Now researchers from the Economist Intelligence Unit (EIU)  have predicted an “increased frequency of extreme weather events” that will worsen the ongoing global food crisis.

These include a worsening of the severe droughts and heatwaves that are “contributing to rising prices of some foodstuffs”.

Drought in the Horn of Africa has already placed more than 20 million people in that region at risk of starvation [Image credit: UNICEF]

“The world could face a prolonged period of crop shortages and skyrocketing prices,” states the EIU report, “raising the risk of food insecurity (or even famine).”

Researchers also believe that extreme weather events and natural disasters can lead to an increase in disease, another of the four main factors that contribute to food insecurity and famine.

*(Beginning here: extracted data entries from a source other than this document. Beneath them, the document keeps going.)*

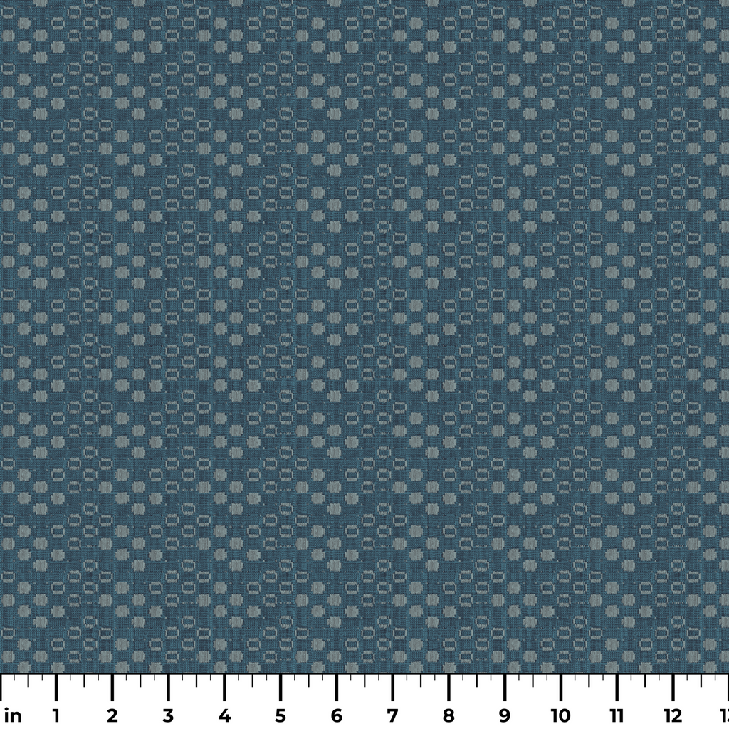 Sophisticated geometric upholstery fabric in blue and white tones with a contemporary square pattern, perfect for modern home decor and statement furniture pieces.
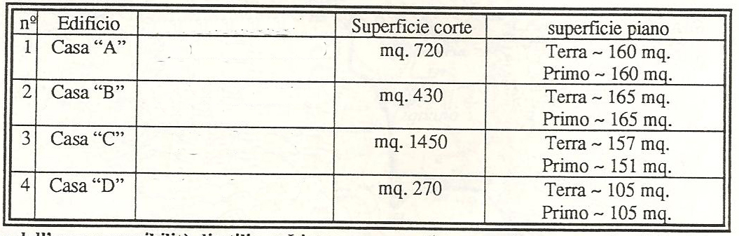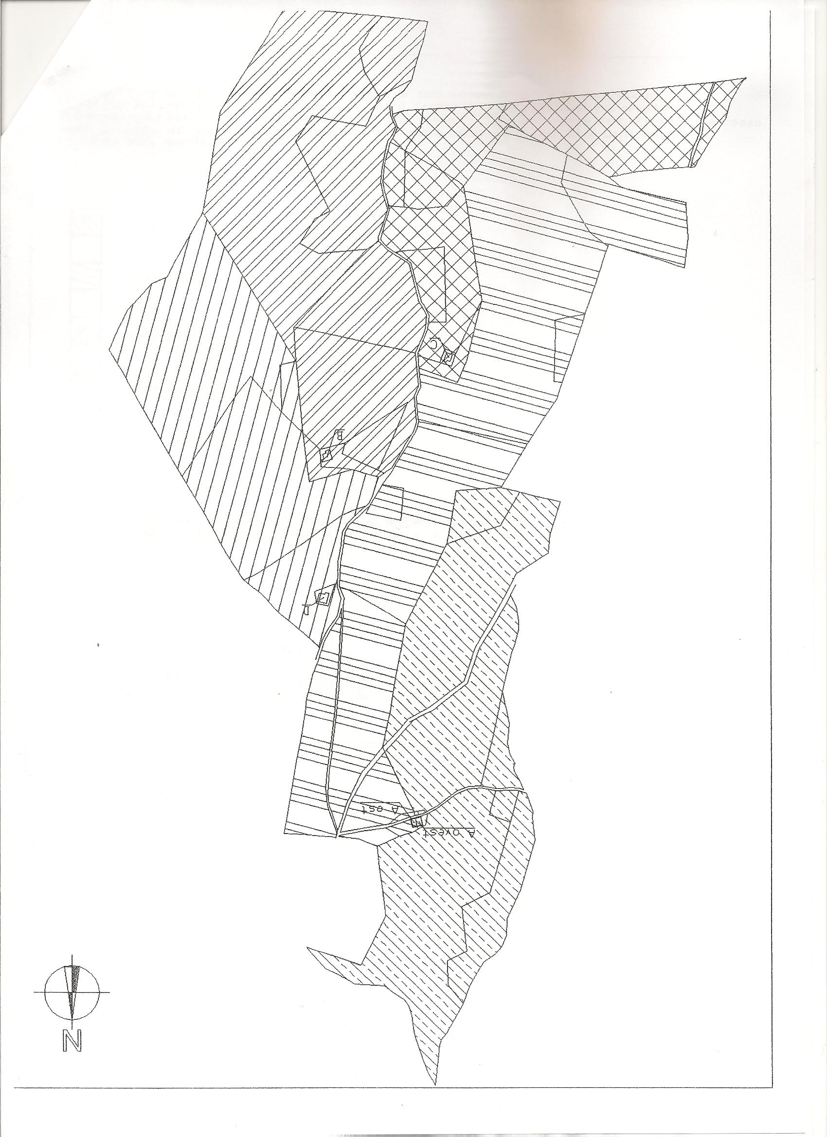Appezzamento di terreno di circa 49 ha, all'interno della confluenza a "V" di due piccoli rii, interamente destinato a bosco, percorso da numerosi piccoli sentieri; sulla zona pi alta, la cresta di tale propriet, troviamo radure pianeggianti, che ospitano quattro case coloniche di notevoli dimensioni: immobile contraddistinto dalla lettera A : circa mq 320 con corte di circa mq 720, casale B: mq 330 su corte di 430 mq circa, casale C: mq 308 con corte di circa mq 1450 e casale D di 210 mq su corte di 270 mq. I casali necessitano di un importante lavoro di ricostruzione sia delle pareti che dei tetti.
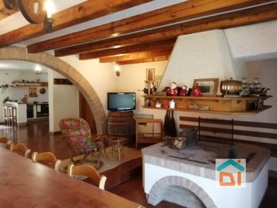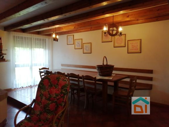 Al primo piano troviamo ampio portico di circa 60 mq, ingresso con stube, cucina con piccola stube, soggiorno con caminetto, disimpegno, tre camere e bagno con doccia. Al piano terra troviamo ampia taverna con cucina in muratura e fogolar, disimpegno con stube, due stanze ad uso ripostiglio, cantina, dispensa, bagno con vasca, lavanderia e centrale termica, portico esterno. Esternamente sono presenti dei locali accessori ad uso deposito, con tettoia e posto auto esterno. Il giardino è molto curato, piantumato. Cancello carraio automatizzato.

“Increases in temperature and rainfall,” according to one recent study, “have expanded the range of mosquitoes and contributed to outbreaks of dengue fever, chikungunya and malaria. At the same time, heatwaves draw more people to water-related activities, leading to a rise in cases of waterborne illnesses, such as gastroenteritis.”

Illness can prevent people working in agriculture; widespread disease can lead to lockdowns or quarantine measures that disrupt food cultivation and shipping; and some conditions prevent the body from absorbing the full nutritional value of what little food is eaten.

The Bible calls us to do what we can to help alleviate the suffering of all, especially of our Christian family. This is the calling we must honour, and all the more if the global food crisis continues to worsen.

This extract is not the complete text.